* **INFORMATION SHOWN**:

────

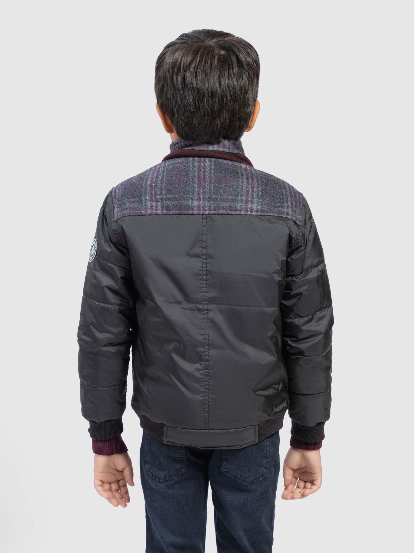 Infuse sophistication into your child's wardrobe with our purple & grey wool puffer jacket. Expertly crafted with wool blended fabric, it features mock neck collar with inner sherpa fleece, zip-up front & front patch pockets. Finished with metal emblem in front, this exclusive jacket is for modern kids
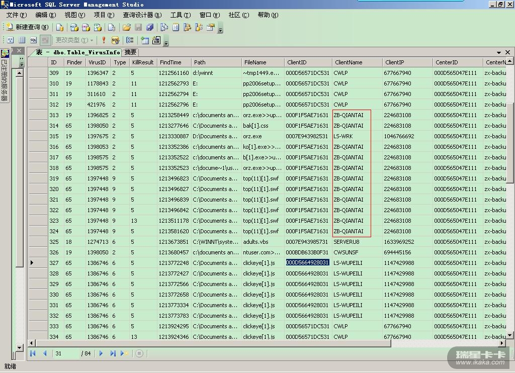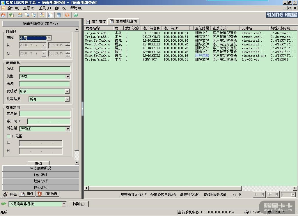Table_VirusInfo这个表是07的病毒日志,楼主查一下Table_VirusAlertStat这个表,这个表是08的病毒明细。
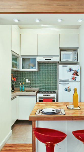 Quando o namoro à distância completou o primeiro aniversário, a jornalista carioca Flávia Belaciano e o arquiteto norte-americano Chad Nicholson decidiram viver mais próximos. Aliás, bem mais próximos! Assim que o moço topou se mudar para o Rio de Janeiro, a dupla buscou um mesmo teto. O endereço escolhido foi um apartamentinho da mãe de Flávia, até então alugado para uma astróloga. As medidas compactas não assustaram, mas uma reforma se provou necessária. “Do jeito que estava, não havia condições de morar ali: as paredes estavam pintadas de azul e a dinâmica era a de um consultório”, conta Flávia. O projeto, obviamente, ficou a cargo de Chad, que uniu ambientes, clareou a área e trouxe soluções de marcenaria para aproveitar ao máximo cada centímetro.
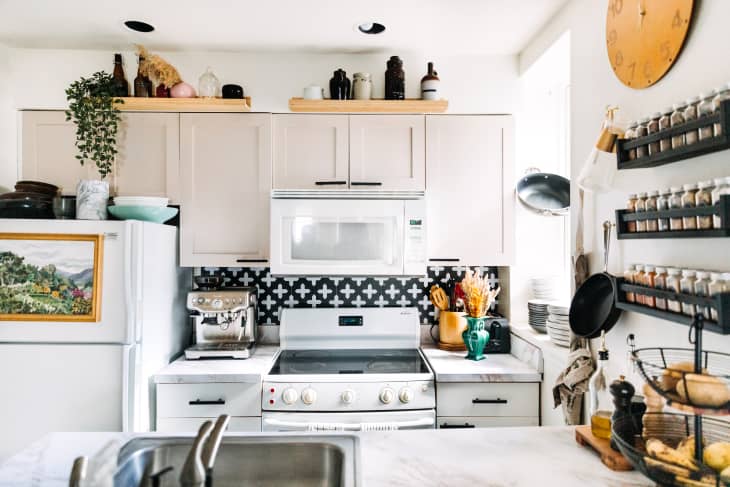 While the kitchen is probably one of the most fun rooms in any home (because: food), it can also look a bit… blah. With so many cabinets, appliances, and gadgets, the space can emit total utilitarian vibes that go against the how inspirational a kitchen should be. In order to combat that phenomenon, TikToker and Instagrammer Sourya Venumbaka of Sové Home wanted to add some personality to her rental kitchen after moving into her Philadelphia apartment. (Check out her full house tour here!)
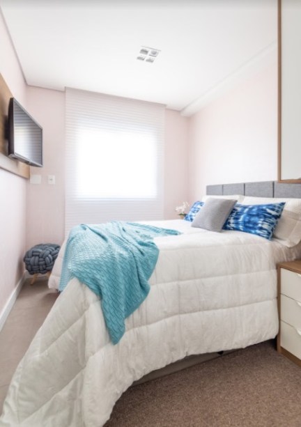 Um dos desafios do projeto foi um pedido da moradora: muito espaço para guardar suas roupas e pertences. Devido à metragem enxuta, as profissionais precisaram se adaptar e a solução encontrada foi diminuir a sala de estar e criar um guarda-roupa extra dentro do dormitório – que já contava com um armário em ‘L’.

────

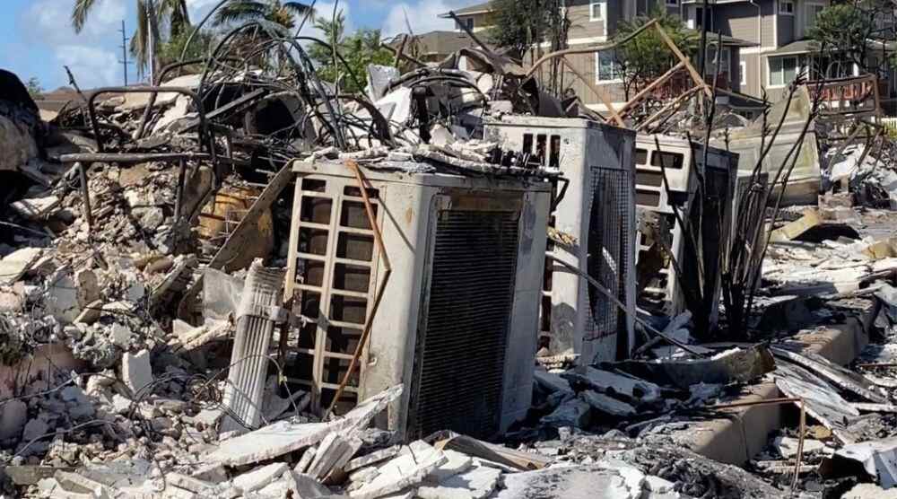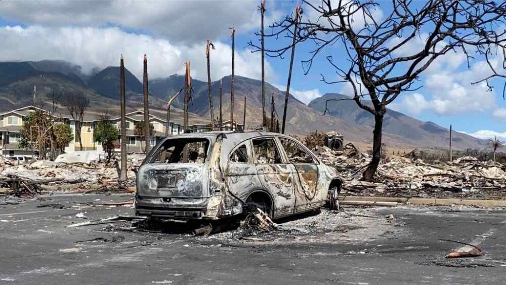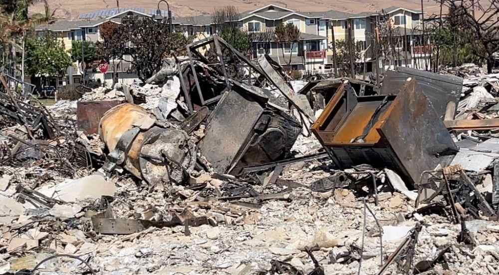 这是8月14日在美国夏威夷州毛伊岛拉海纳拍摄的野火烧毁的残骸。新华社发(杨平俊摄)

────

A verbatim reproduction is expected: starting at the line above that has "Infuse sophistication into", ending at the line that has "Table_VirusInf", both included, and with no pictures and no other lines.

 Infuse sophistication into your child's wardrobe with our purple & grey wool puffer jacket. Expertly crafted with wool blended fabric, it features mock neck collar with inner sherpa fleece, zip-up front & front patch pockets. Finished with metal emblem in front, this exclusive jacket is for modern kids
Table_VirusInfo这个表是07的病毒日志,楼主查一下Table_VirusAlertStat这个表,这个表是08的病毒明细。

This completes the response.